From: Eric Gauthier (elg@bu.edu)
Date: Tue Dec 09 2003 - 10:50:19 CST


Buzz,

You probably just want to ignore the fact that we commented out all those
lines. In general, they're a good idea. We've done a lot of customizations
to NetReg for our local environment, including using an existing direct
OMAPI interface from our NetRev v1 days for the final add/delete step. The
only time we use the dhcpd_manager client is to look up the mac address
(which NetReg uses as well as other programs that our security team has
built) or to scan through the leases file. So, the only time we see these
error messages is when the manager fails during mac-lookup.

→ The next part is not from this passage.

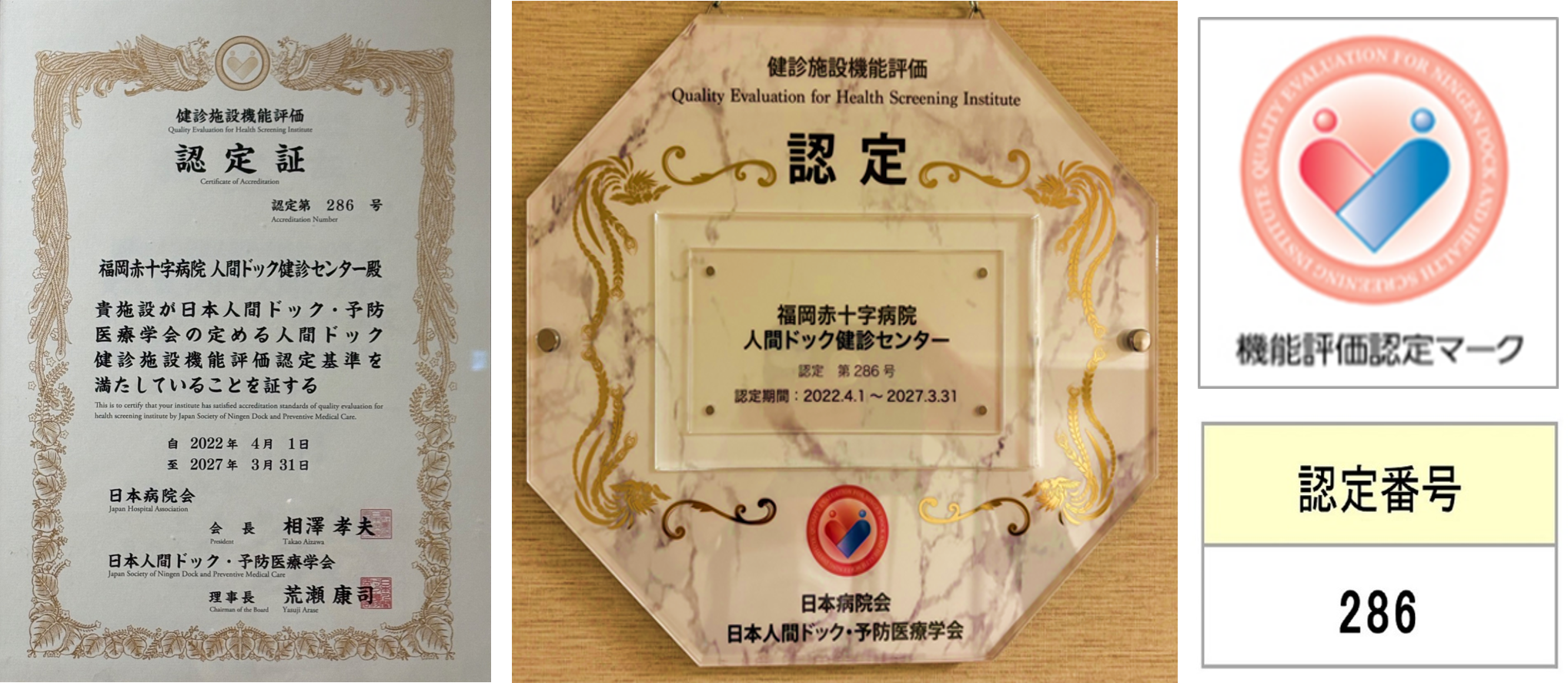 福岡赤十字病院 人間ドック健診センターでは、受診者の方が安心して質の高い人間ドック・健診を受けられるように、第三者評価として「日本人間ドック・予防医療学会」の健診施設機能評価を受審し、認定施設に認定されています。

Before we
commented out the error messages, we were seeing the following printed on
the web page:

        - Could no open connection to dhcpdmanager at X
          (from sub connect_dhcpdmanager)
        - Failed to connect to server X
          (from sub get_host_info_remote)
        - Unable to contact server X
          (from sub get_host_info_remote_all)
        - Unable to determine your MAC address
          (from a BU specific subroutine - "get_MAC").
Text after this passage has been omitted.